Task requirements: Leave out the pictures and return every entry exactly as it appears.

Data records:
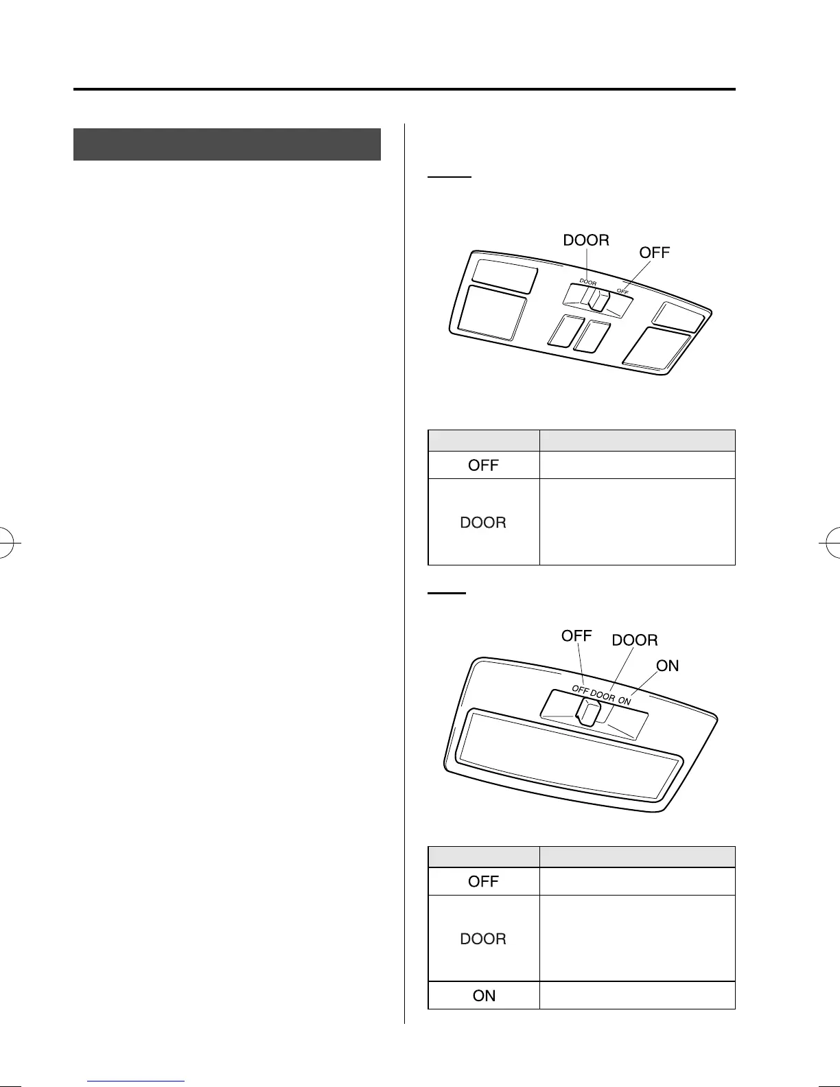 Switch Position Rear Overhead Lights
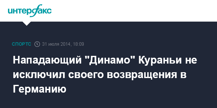 Москва. 31 июля. INTERFAX.RU - Нападающий московского "Динамо" Кевин Кураньи в следующем сезоне может вернуться в Германию.
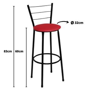 Banqueta Média Itália Preta com Assento Vermelho Fortmix   Seja para acompanhar um café rápido no início do dia ou aquela confraternização especial com os amigos, a Banqueta Média com Encosto será uma grande aliada na composição do seu espaço. Modelo Média, ela é ideal para acompanhar bancadas e balcões, seja na sala de jantar, espaço de churrasqueira ou até mesmo em seu estabelecimento comercial.   Com design simples que conta com cor sóbria, a peça embeleza o seu espaço ao mesmo tempo que garante a comodidade ideal, afinal, o assento preenchido em espuma recebe superbem o corpo além do suporte para os pés.    Produto que faz toda diferença no seu ambiente.   Características da Banqueta Média com Encosto   Cor da Estrutura: Preta Cor do Assento: Vermelho Capacidade (kg): 120 kg Material da estrutura: Tubos de Aço carbono (7/8 de polegada) Material do assento: MDF e Espuma Encosto: Arame   Dimensões da Banqueta Média com Encosto    Altura do assento até o chão (cm): 60 Cm Altura do encosto até o chão (cm): 83 Cm Diâmetro do assento: 32 Cm   Conteúdo da Embalagem: 02 Banqueta Média com Encosto   Dicas   Não deixe suas banquetas expostas ao sol por mais de 4 horas. Não use produtos abrasivos na limpeza de suas Banquetas. Usar um pano umedecido na limpeza da Banqueta e, logo em seguida, seque-as com um pano seco.   A tonalidade da cor pode variar de acordo com o lote do fabricante e/ou as configurações de seu monitor.   *Imagens meramente ilustrativas   Garantia   3 Meses contra defeito de fabricação
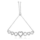 .925 Sterling Silver Diamond Accent Interlinking Triple Heart 4”-10” Adjustable Bolo Tennis Bracelet Bolo Bracelet (H-I Color, I2-I3 Clarity)
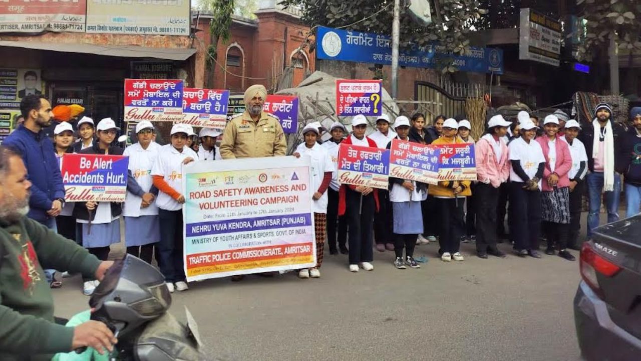 नेहरु युवा केंद्र अमृतसर, युवा कार्यक्रम एवं खेल मंत्रालय, भारत सरकार द्वारा यातायात पुलिस आयुक्तालय अमृतसर के सहयोग के साथ दिनांक 11 से 17 जनवरी 2024 तक जिला अमृतसर मे सड़क सुरक्षा जागरूकता अभियान और मेरा भारत युवा स्वयंसेवकों का सड़क यातायात के लिए स्वैच्छिक समर्थन कार्यक्रमो का आयोजन किया गया
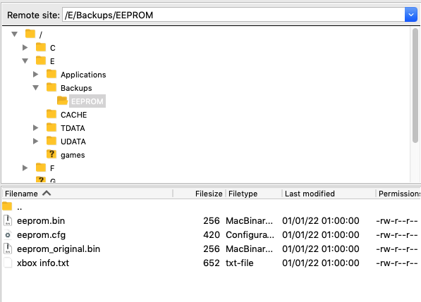 Then navigate to the folder /E/backups/EEPROM and copy all the files from that folder to your computer. The file eeprom.bin contains the HDD key after you have changed it to all 1s and eprom_original.bin is your original key. Store these files safely.
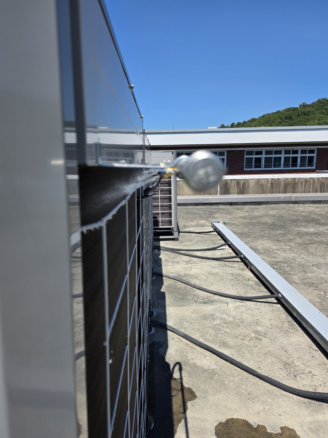 이런 상황에서 교육청은 냉방 품질은 유지하면서도 전력 사용을 줄일 수 있는 스마트 솔루션을 찾게 되었고, 그 결과 에어컨 살수제어장치 IESS 시스템을 경북고등학교에 시범적으로 설치하기로 결정했습니다.
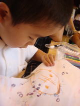 七夕参観(平成21年7月3日)今日は七夕参観と、5月にインフルエンザの影響で延期に なっていた給食参観でした。 子供たちが魔法の絵の具でマーブル模様をつけた画用紙 に好きな絵を描いて、七夕の飾り(お願い事を書く)を作りました♪ きーくんは家族4人分の顔を書いてチョキチョキ。 裏には お願い事を書いたんだけれど、きーくんのお願い事とは・・・・・・ 「おすしが食べたい」でした(爆) 先生もインタビューのときに 笑ってたよ(笑) 「きーくんのお願い事は何ですか??」 「はい。おすしが食べたいです」 「何のお寿司が一番好きですか??」 「え〜と、いくらです。」 というインタビューでした(笑) ママのお願い事は「健康でいつもニコニコ顔でいられますように☆」 この工作のあと、お遊戯室でレジャーシートをしいて、お友達と一緒におべんとう給食 を食べました。 きーくんは仲良しのSくん二人と一緒。 周りのお友達がゆっくりと食べて いる中、「おいしいね〜」と言いながらさささ〜と食べ終わるきーくん・・・・・。 おーちゃんはお弁当給食に苦労していたみたいなのですが(残しが多かった)きーくんは 楽しめているようです♪ よかった〜。 1時過ぎに参観は終了〜。 お迎えの2時半まで、お友達のママさんたちと近くの「さと」 でお茶をしました。 |
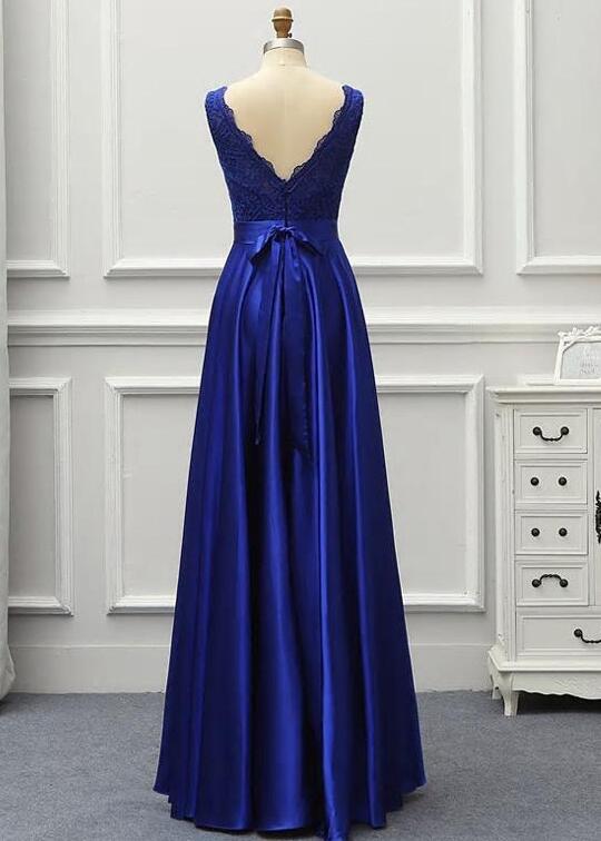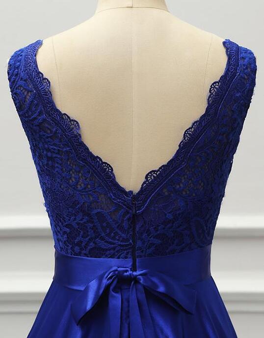Custom Made Royal Blue Lace A Line Long Prom Dresses Cheap Prom Party Gowns ,Sexy Prom Gowns Y1194
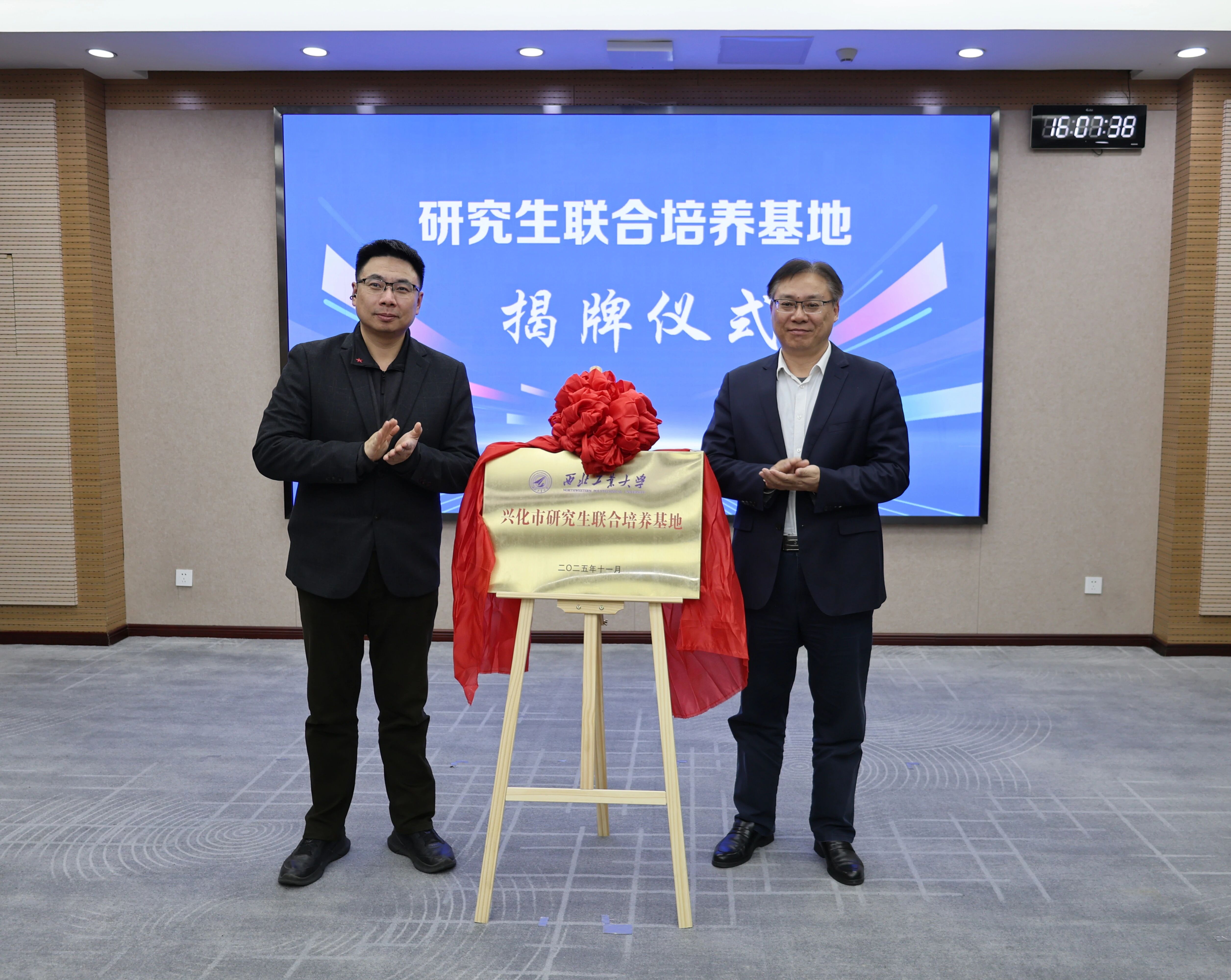 西北工业大学研究生院院长朱继宏和泰州市委组织部副部长黄新华为"西北工业大学-兴化市研究生联合培养基地"揭牌。

Your solution:
 Switch Position Rear Overhead Lights
 Москва. 31 июля. INTERFAX.RU - Нападающий московского "Динамо" Кевин Кураньи в следующем сезоне может вернуться в Германию.
 Banqueta Média Itália Preta com Assento Vermelho Fortmix   Seja para acompanhar um café rápido no início do dia ou aquela confraternização especial com os amigos, a Banqueta Média com Encosto será uma grande aliada na composição do seu espaço. Modelo Média, ela é ideal para acompanhar bancadas e balcões, seja na sala de jantar, espaço de churrasqueira ou até mesmo em seu estabelecimento comercial.   Com design simples que conta com cor sóbria, a peça embeleza o seu espaço ao mesmo tempo que garante a comodidade ideal, afinal, o assento preenchido em espuma recebe superbem o corpo além do suporte para os pés.    Produto que faz toda diferença no seu ambiente.   Características da Banqueta Média com Encosto   Cor da Estrutura: Preta Cor do Assento: Vermelho Capacidade (kg): 120 kg Material da estrutura: Tubos de Aço carbono (7/8 de polegada) Material do assento: MDF e Espuma Encosto: Arame   Dimensões da Banqueta Média com Encosto    Altura do assento até o chão (cm): 60 Cm Altura do encosto até o chão (cm): 83 Cm Diâmetro do assento: 32 Cm   Conteúdo da Embalagem: 02 Banqueta Média com Encosto   Dicas   Não deixe suas banquetas expostas ao sol por mais de 4 horas. Não use produtos abrasivos na limpeza de suas Banquetas. Usar um pano umedecido na limpeza da Banqueta e, logo em seguida, seque-as com um pano seco.   A tonalidade da cor pode variar de acordo com o lote do fabricante e/ou as configurações de seu monitor.   *Imagens meramente ilustrativas   Garantia   3 Meses contra defeito de fabricação
 .925 Sterling Silver Diamond Accent Interlinking Triple Heart 4”-10” Adjustable Bolo Tennis Bracelet Bolo Bracelet (H-I Color, I2-I3 Clarity)
 नेहरु युवा केंद्र अमृतसर, युवा कार्यक्रम एवं खेल मंत्रालय, भारत सरकार द्वारा यातायात पुलिस आयुक्तालय अमृतसर के सहयोग के साथ दिनांक 11 से 17 जनवरी 2024 तक जिला अमृतसर मे सड़क सुरक्षा जागरूकता अभियान और मेरा भारत युवा स्वयंसेवकों का सड़क यातायात के लिए स्वैच्छिक समर्थन कार्यक्रमो का आयोजन किया गया
 Then navigate to the folder /E/backups/EEPROM and copy all the files from that folder to your computer. The file eeprom.bin contains the HDD key after you have changed it to all 1s and eprom_original.bin is your original key. Store these files safely.
 이런 상황에서 교육청은 냉방 품질은 유지하면서도 전력 사용을 줄일 수 있는 스마트 솔루션을 찾게 되었고, 그 결과 에어컨 살수제어장치 IESS 시스템을 경북고등학교에 시범적으로 설치하기로 결정했습니다.
 七夕参観(平成21年7月3日)今日は七夕参観と、5月にインフルエンザの影響で延期に なっていた給食参観でした。 子供たちが魔法の絵の具でマーブル模様をつけた画用紙 に好きな絵を描いて、七夕の飾り(お願い事を書く)を作りました♪ きーくんは家族4人分の顔を書いてチョキチョキ。 裏には お願い事を書いたんだけれど、きーくんのお願い事とは・・・・・・ 「おすしが食べたい」でした(爆) 先生もインタビューのときに 笑ってたよ(笑) 「きーくんのお願い事は何ですか??」 「はい。おすしが食べたいです」 「何のお寿司が一番好きですか??」 「え〜と、いくらです。」 というインタビューでした(笑) ママのお願い事は「健康でいつもニコニコ顔でいられますように☆」 この工作のあと、お遊戯室でレジャーシートをしいて、お友達と一緒におべんとう給食 を食べました。 きーくんは仲良しのSくん二人と一緒。 周りのお友達がゆっくりと食べて いる中、「おいしいね〜」と言いながらさささ〜と食べ終わるきーくん・・・・・。 おーちゃんはお弁当給食に苦労していたみたいなのですが(残しが多かった)きーくんは 楽しめているようです♪ よかった〜。 1時過ぎに参観は終了〜。 お迎えの2時半まで、お友達のママさんたちと近くの「さと」 でお茶をしました。 |
Custom Made Royal Blue Lace A Line Long Prom Dresses Cheap Prom Party Gowns ,Sexy Prom Gowns Y1194
 西北工业大学研究生院院长朱继宏和泰州市委组织部副部长黄新华为"西北工业大学-兴化市研究生联合培养基地"揭牌。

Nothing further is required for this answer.